**Exercise goal**
From the first line to the last, retype everything below exactly, minus the pictures.

**Data extract**

BEGIN

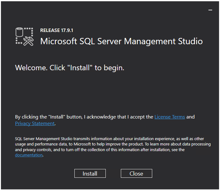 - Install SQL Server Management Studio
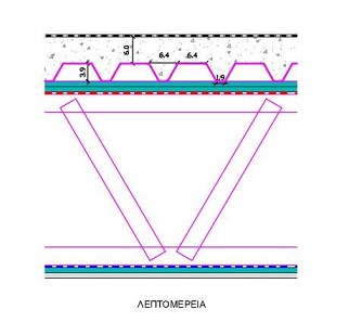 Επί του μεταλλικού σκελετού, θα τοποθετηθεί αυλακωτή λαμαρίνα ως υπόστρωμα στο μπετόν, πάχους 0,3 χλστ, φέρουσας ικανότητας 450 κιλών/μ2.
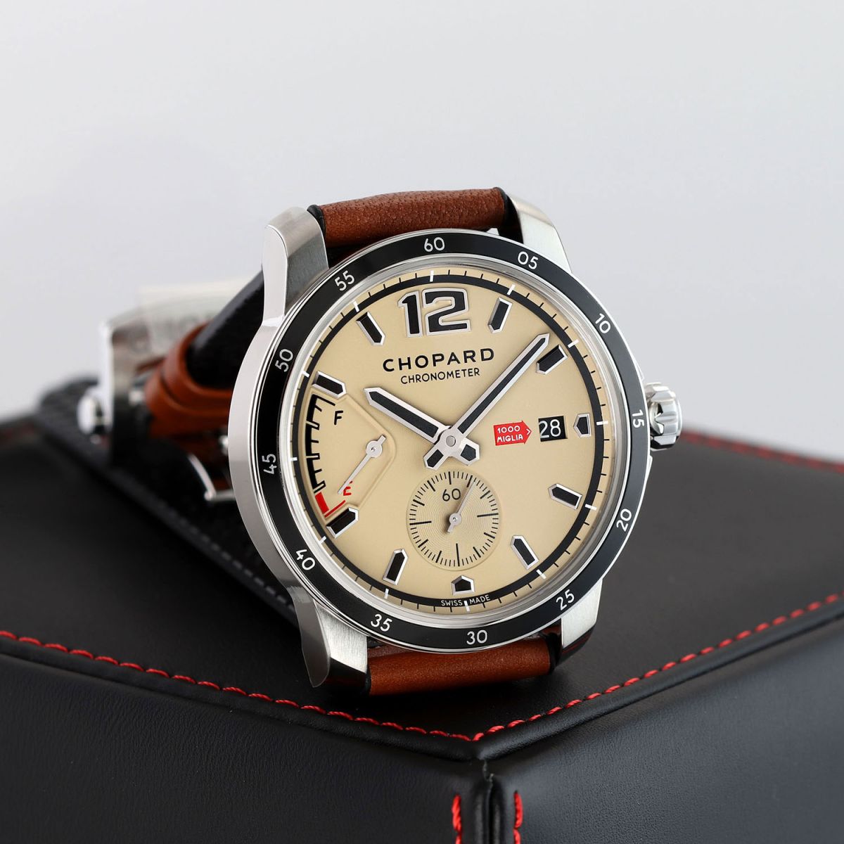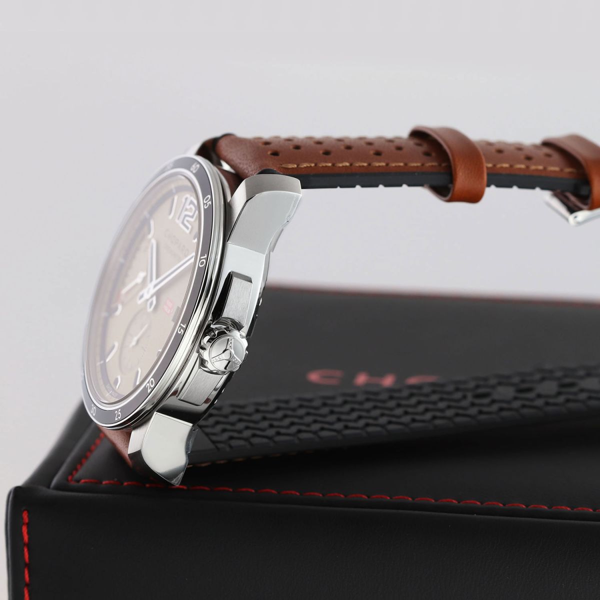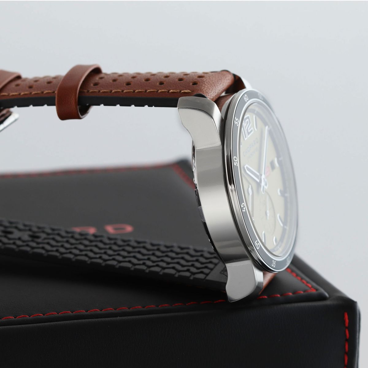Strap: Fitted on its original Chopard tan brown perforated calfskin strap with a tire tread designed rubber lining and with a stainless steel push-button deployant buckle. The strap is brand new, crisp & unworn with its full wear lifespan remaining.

END

**Problem solution**
 - Install SQL Server Management Studio
 Επί του μεταλλικού σκελετού, θα τοποθετηθεί αυλακωτή λαμαρίνα ως υπόστρωμα στο μπετόν, πάχους 0,3 χλστ, φέρουσας ικανότητας 450 κιλών/μ2.
Strap: Fitted on its original Chopard tan brown perforated calfskin strap with a tire tread designed rubber lining and with a stainless steel push-button deployant buckle. The strap is brand new, crisp & unworn with its full wear lifespan remaining.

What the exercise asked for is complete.